Will product reviews help you sell more?

Reviews have for a long time been the method for consumers to assess whether they buy or use a product/service. Whether its a review on a particular hotel, airline, ski resort or hair dryer many consumers look to review sites for an impartial opinion on the things they want. In the internet age long gone is the recommendation of old via acquaintances and no one relies solely on the claims of a tv advertisement.

Some of the big players in the industry include Tripadvisor, Amazon, Reevoo, Trustpilot, Rated People and Google amongst others covering the entire spectrum of consumer goods and services.

How do they work?

Reviews are submitted via a number of methods. Some sites allow users to submit a review after reading the reviews of others. Other sites use the follow up method – sending the consumer of a product/service an “after delivery” email asking them to review the company/product/service they have utilised. These sites usually incentivise the reviewer with entry into a “competition” or some form of discount code to be used post review.

Other sites simply post reviews themselves – unfortunate but it happens – this is usually to get the ball rolling and to feign activity on the review process and for those all important endorsements we all want to see.

 What are the facts?

  • 50% of consumers look to product review sites before making a purchase.
  • 60% of consumers are more likely to buy from a site that has independant reviews
  • Consumers trust a product review over the websites own description of it
  • Websites that have introduced reviews see an average of an 18% uplift in sales AFTER introducing reviews on their site

 What are the downsides?

The main drawback with reviews on your site or about your product/service is that you have to be prepared to take the good with bad. If your reviews are hosted via a 3rd party you will have little control of what is being said and only the ability to respond to a bad review. If the reviews are hosted on your own site you will have greater control over what you publish to your site and what you don’t but does anyone beleive 50 5 star reviews on a products – probably not.

A mixture of good and bad reviews has proved important to consumers when establishing trust – if 4 out 20 reviews are bad then people are more likely to side with the good ones and take the bad ones as one offs. Age and experience is large factor on a consumers ability to sift through positive and negative reviews.

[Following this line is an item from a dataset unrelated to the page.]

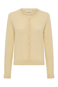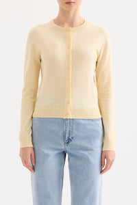 The Louie Linen Blend Cardigan is made from a lightweight yarn with a subtle marled and soft, dry hand feel. The silhouette is a relaxed crew neck cardigan finishing at hip length. Features include centre front button opening and soft rib neckline, cuffs and hem.

Reviews take time – whether your trying to respond to a negative one or approve them for publishing it takes time. Dont be fooled into thinking that these review sites are the only source of opinion – look to your social networking profiles on Facebook and Twitter for comments on your products and service. Some years ago we were “threatened” to be tweeted about by someone who wasn’t even a client in some bizarre dislike for us so you have to vigilant across all avenues of online reviews.

And the upsides?

Increases trust in your company and the products/services you offer.

Increased CTR on your content

Search engine boost when people search for “[your product name] reviews”

Fresh content for the search engines – which they love (please note that 3rd party review sites may utilise widgets and iframes making your reviews invisible to search engines on your site but not on theirs)

How do I get reviews on my site?

Many ecommerce platforms have reviews built into them so look on your control panel for it.

If not you can use a third party supplier such as Reviews.co.uk, Revoos, Trustpilot which can email customers on your behalf after every order.

Get your developer to make one for you – its easy!